> Instructions for the task:
Your answer is the lines below, exactly, from the one that contains "鞋面整体性更好,后跟的稳定片也消失不见。贴合 性更好的鞋领结构和针织鞋舌,让Nimbus 25的包裹性更加出众。" through the one that contains "SUARAKRITIK.COM-Dumai, Riau –", both included.

> Exercise inputs:
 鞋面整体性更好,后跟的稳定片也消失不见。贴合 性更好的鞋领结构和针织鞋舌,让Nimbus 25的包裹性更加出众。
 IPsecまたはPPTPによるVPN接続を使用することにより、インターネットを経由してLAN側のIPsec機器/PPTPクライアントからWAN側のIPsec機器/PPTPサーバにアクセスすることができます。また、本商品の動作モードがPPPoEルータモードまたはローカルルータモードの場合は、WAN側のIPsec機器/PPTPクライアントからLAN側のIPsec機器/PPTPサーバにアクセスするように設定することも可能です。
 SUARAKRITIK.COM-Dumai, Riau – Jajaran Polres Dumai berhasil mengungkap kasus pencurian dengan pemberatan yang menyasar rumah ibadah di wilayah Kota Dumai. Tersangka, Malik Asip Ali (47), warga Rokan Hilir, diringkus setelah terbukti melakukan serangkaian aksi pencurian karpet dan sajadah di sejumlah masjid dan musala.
==
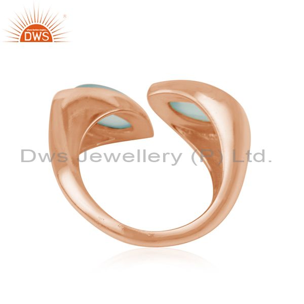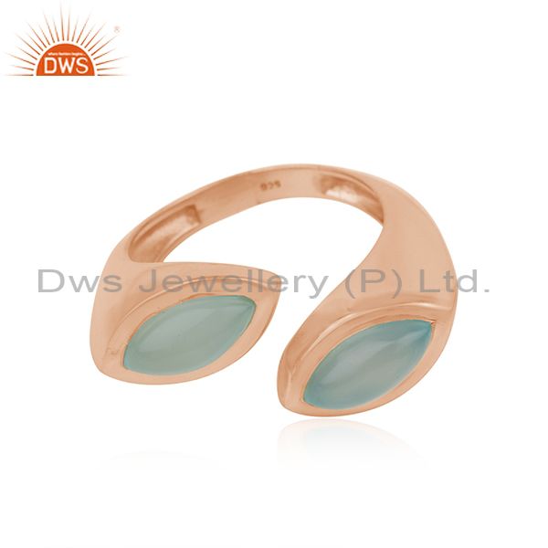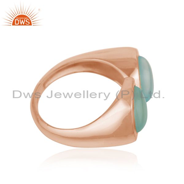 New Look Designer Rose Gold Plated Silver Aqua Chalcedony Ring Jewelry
---
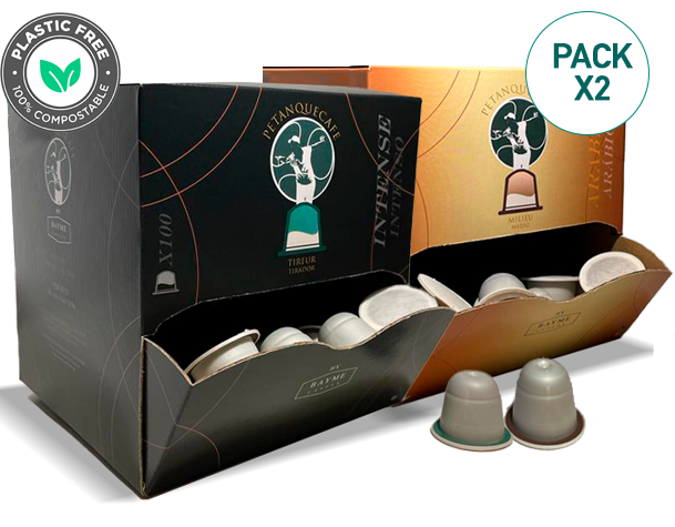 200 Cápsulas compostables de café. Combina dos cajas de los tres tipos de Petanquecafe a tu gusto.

> Exercise response:
 鞋面整体性更好,后跟的稳定片也消失不见。贴合 性更好的鞋领结构和针织鞋舌,让Nimbus 25的包裹性更加出众。
 IPsecまたはPPTPによるVPN接続を使用することにより、インターネットを経由してLAN側のIPsec機器/PPTPクライアントからWAN側のIPsec機器/PPTPサーバにアクセスすることができます。また、本商品の動作モードがPPPoEルータモードまたはローカルルータモードの場合は、WAN側のIPsec機器/PPTPクライアントからLAN側のIPsec機器/PPTPサーバにアクセスするように設定することも可能です。
 SUARAKRITIK.COM-Dumai, Riau – Jajaran Polres Dumai berhasil mengungkap kasus pencurian dengan pemberatan yang menyasar rumah ibadah di wilayah Kota Dumai. Tersangka, Malik Asip Ali (47), warga Rokan Hilir, diringkus setelah terbukti melakukan serangkaian aksi pencurian karpet dan sajadah di sejumlah masjid dan musala.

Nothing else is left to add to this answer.